Saturday, September 5, 2015

A Fish Tale


When Aldo Leopold included a chapter on fishing in his book A Sand County Almanac, he spoke to generations of conservationists and sportsmen on the beauty of small places. “The Alder Fork” described in his July chapter was not big in volume or rapids or in the size of the trout it yielded. It was big in its unique beauty and in the chance that it yielded fish on a hot July day. Leopold admitted that none of the trout had to be folded double or beheaded to fit the creel.

The story brought to mind an event from my college days, spent in my home town as a commuter student. I knew trout were nowhere to be found in the Ohio waters I fished, but I remembered stories of Todd’s Fork, a branch of the Little Miami River, and reputed home to smallmouth bass. I also remembered a sign which read “Fishing, but no Hunting or Camping.” It proclaimed its message where a back road passed near the fabled creek.
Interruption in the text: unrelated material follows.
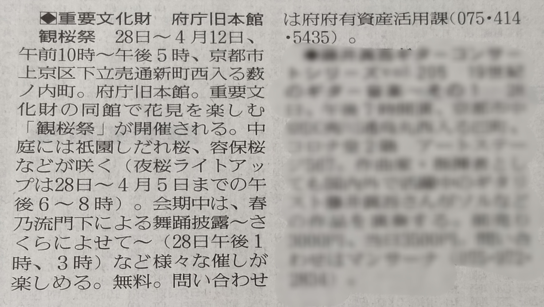 【お知らせ】読売新聞朝刊に「観桜祭 春乃流による日本舞踊」が掲載されました 2026/03/21 3月20日(金曜日)の読売新聞朝刊 Event & Stage 京都に 「観桜祭 春乃流による日本舞踊」が掲載されました。 出演する門下一同、稽古に励んでおります。 ぜひ皆様お越しください。 FacebookTwitter

I had caught Largemouth Bass before in the nearby lakes, but it was only from photos that I knew the look of one of those “bronze backs.” Wishing to experience them for myself, I picked up a friend with his fishing gear and we headed for the spot. When we arrived, the pull off accommodated our car and left room for one more, though that second spot was never taken. We hiked a dirt road through a cornfield, and we were at a bridge overlooking Todd’s Fork. 
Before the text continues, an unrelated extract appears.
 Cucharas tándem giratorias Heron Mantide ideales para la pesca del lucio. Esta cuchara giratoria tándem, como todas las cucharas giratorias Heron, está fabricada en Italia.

My friend unhooked his spinning rod and eyed the creek with disdain. It was narrow, but looked to my eye as though it held deep pools with some promise. As he complained about time spent on a “Wild Goose Chase,” I pulled out a few feet of level fly line and attached a leader and a red and white deer hair fly. Not exactly a Royal Coachman, but close.

On my second upstream cast a fish hit and I landed it after a short fight.  I noticed the dark bronze color, checked the size of the mouth, and discovered it did not extend behind the eye. Smallmouth Bass!  My friend looked at the fish and watched me release it, only slightly the worse for wear. I usually ate the fish I caught, but this one was too small for the frying pan.
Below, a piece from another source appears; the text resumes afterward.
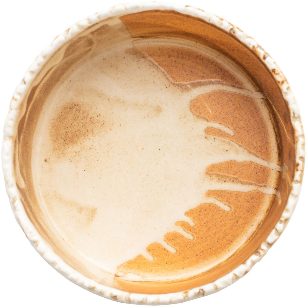 Kolekcja Samto Verlo to unikalne połączenie dwóch kontrastujących struktur porcelany, które zostały pięknie uzupełnione wyrazistymi kolorami. Ciemniejsze, nieco rdzawe wybarwienie i surowa struktura szkliwa doskonale komponują się z efektownym, gładkim naciekiem w kolorze waniliowej bieli. Tworzą one delikatne wypukłości, nadając naczyniom niezwykły efekt wizualny. Naczynia z kolekcji Samto Verlo wyróżniają się także zewnętrznym wykończeniem. Ich surowa powierzchnia posiada lekko chropowaty charakter, dodając rustykalnego uroku. Nieregularnie wykończone ranty stanowią dodatkowy element, który podkreśla indywidualność każdego naczynia.
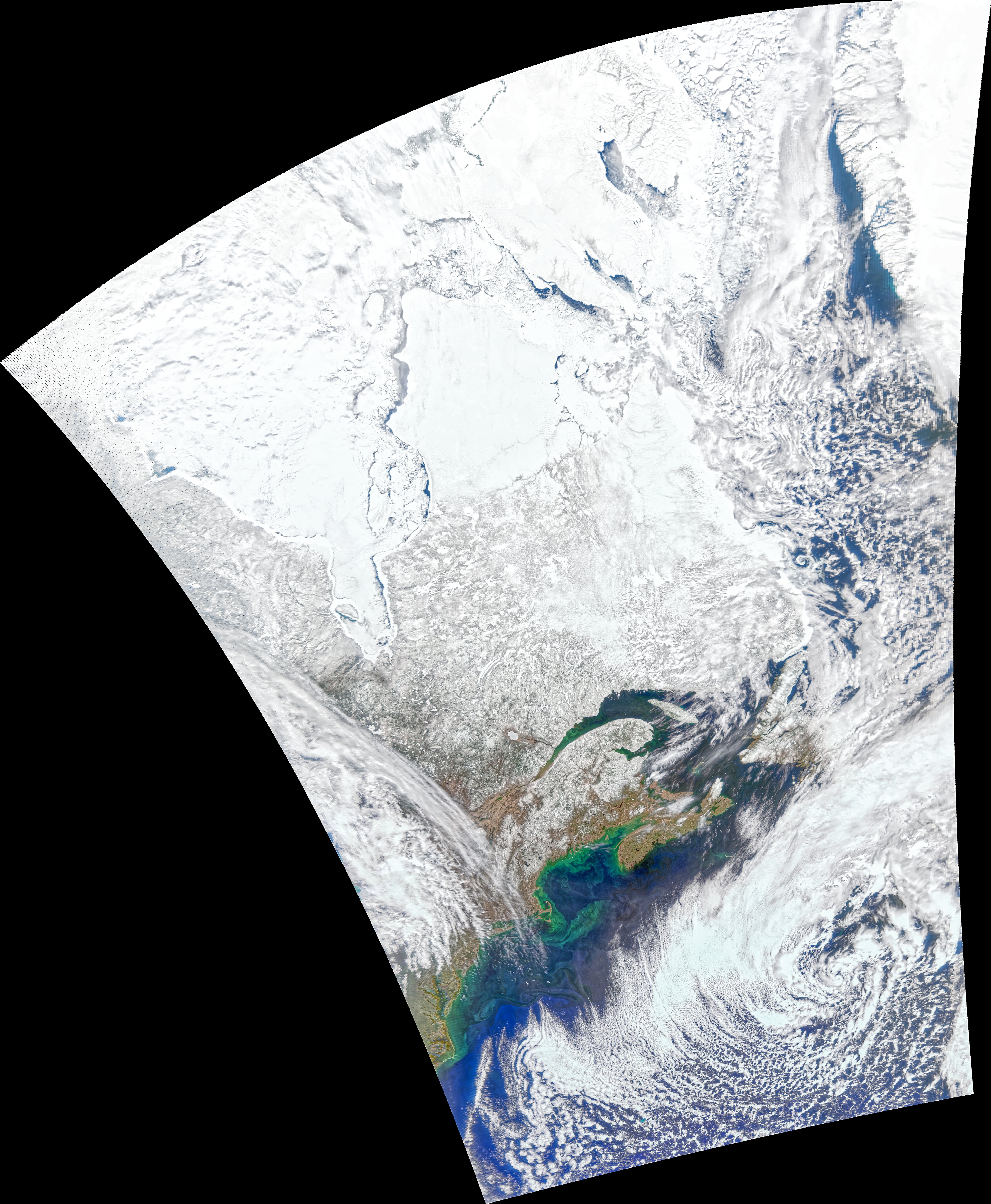 Bounded by the United States and Canada, the Gulf of Maine is seen in the center of this image. Georges Bank, a relatively shallow area known for its productive fishing grounds, is located east of the iconic hook-shaped Cape Cod. This image was taken by the Ocean Color Instrument (OCI) sensor aboard the PACE satellite on April 8, 2024.

Three more casts and I had another, slightly larger fish, but my friend was unimpressed. He didn’t see any fish that would make the pages of an angler’s newspaper, and was now anxious to leave. I don’t believe he ever cast a line.

I haven’t spoken to that friend in years, and don’t know if his opinion of our fishing adventure has changed. As for myself, I left with my heart full of a pleasant morning fishing a creek I had never before explored. For me, the morning’s adventure was not in the fish, but the fishing.


The events I describe here took place in the mid 1970’s. I later learned that the really good fishing was further downstream, and that I was actually fishing a small branch of Todd’s Fork. The main stream has since become noteworthy as a canoeing destination and continues to be known as a great spot to fish for Smallmouth Bass.